“Young Adult Friction”
from the album The Pains of Being Pure at Heart
2009
iTunes
More than just a mouthful, The Pains of Being Pure at Heart’s name is also as sweetly accurate an aesthetic statement as they come. The Brooklyn group is blissfully devout to its doe-eyed influences — high-grade Scottish twee, the jingle-jangle wimps of C86, and the early-’90s noise-pop of its very own, resurgent label, Slumberland. And in spite of that earnest, staunch reliance on its blueprint, TPOBPAH’s debut full-length is refreshingly watertight throughout. The bookends “Contender” and “Gentle Sons” bundle gunpowder harmonics in jackets of Jesus and Mary Chain squall, the weighty effects of which dovetail nicely with the feathery tones found elsewhere in the record’s guts.
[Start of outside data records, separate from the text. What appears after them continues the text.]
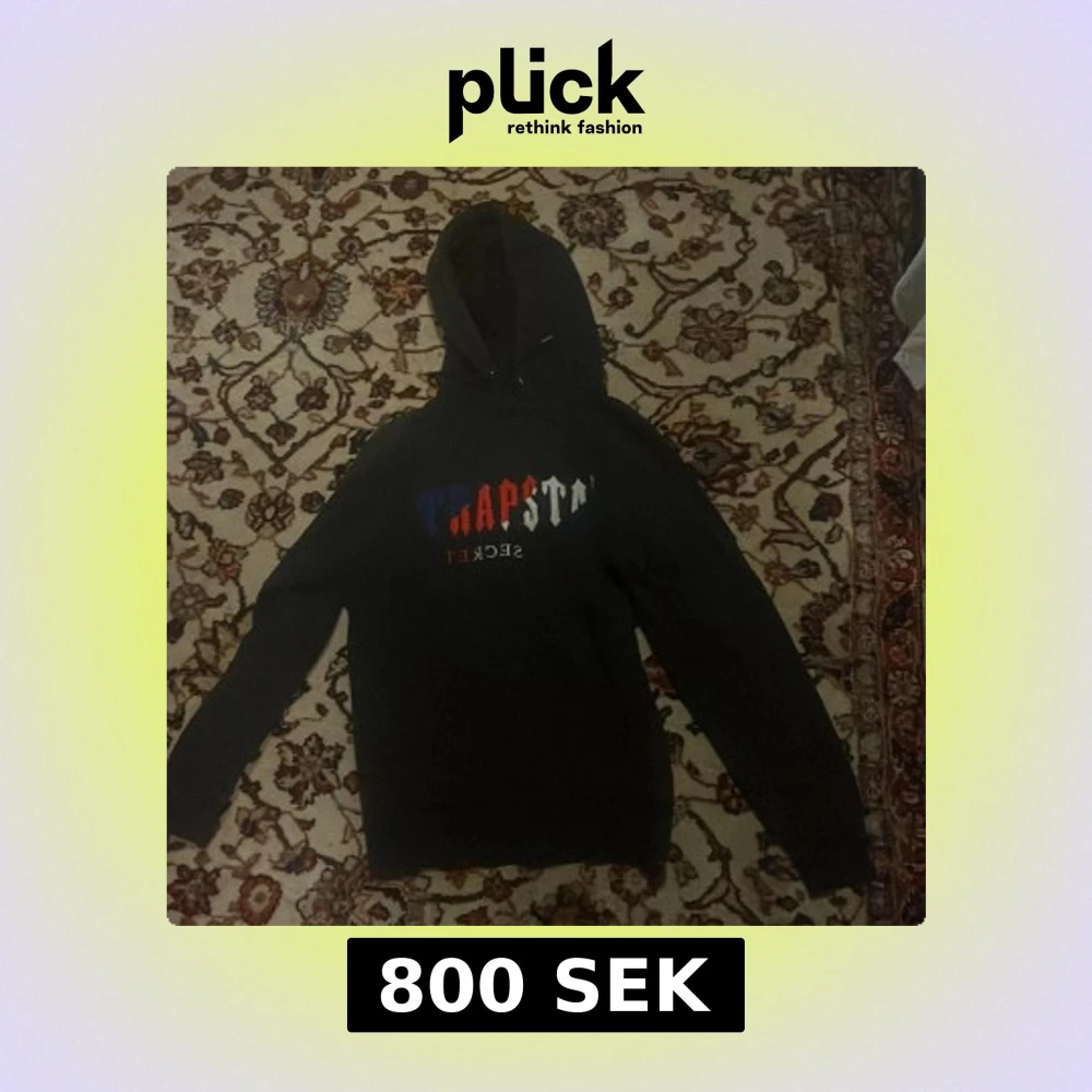 Säljer en svart hoodie från Trapstar med färgglatt tryck i blått, rött och vitt på bröstet där det står 'Trapstar It's A Secret'. Hoodien har huva med snörning och är långärmad. Perfekt för dig som gillar streetwear och vill sticka ut. Priset går att diskuteras vid snabb affär
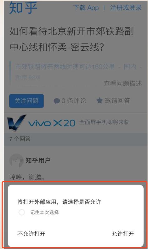 他的邏輯是先提示我是否打開手機中的知乎APP(瀏覽器的機制詢問用戶操作許可),然后接著又彈出下載的提示。
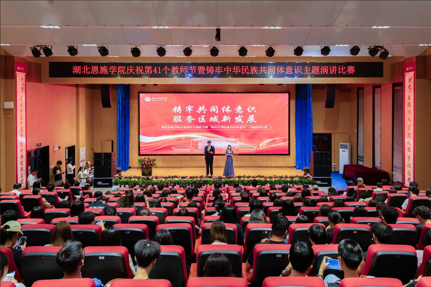 金秋九月,桃李芬芳。2025年9月10日晚,湖北恩施學院隆重舉行慶祝第41個教師節(jié)暨“鑄牢中華民族共同體意識”主題演講比賽。恩施州委統(tǒng)戰(zhàn)部、州委教育工委、湖北民族大學、州廣播電視臺相關人員及學校領導擔任評委。
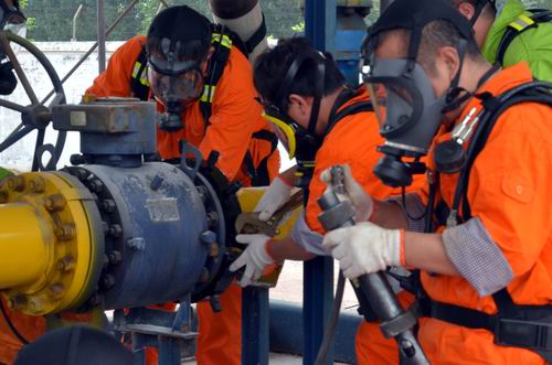 2013年6月20日上午9時,三門峽中裕靈寶末站發生一起高壓法蘭漏氣事故,靈寶末站值班人員迅速撥打了三門峽中裕應急搶險電話,30分鐘后,著裝整齊的三門峽公司各應急搶險組織人員緊急趕赴現場,本著“先控制事態發展,再降壓處置”的原則,到達人員首先拉警戒線、強制通風、聯系上游及用戶、管道降壓……一系列先期工作在搶險指揮部的統一調度下緊張有序地實施……

The standouts “Come Saturday” and “Everything With You” are straight-ahead pop jammers that fizz with a melodic confidence and sincerity found throughout, most memorably in the Trojan-horse chorus of “Stay Alive.” But just minutes in, as “Young Adult Friction” drives homes the sugars of another teleportive girl-boy vocal coda, it becomes clear they mean what they sing, and vice-versa: They’re sensitive and sublime.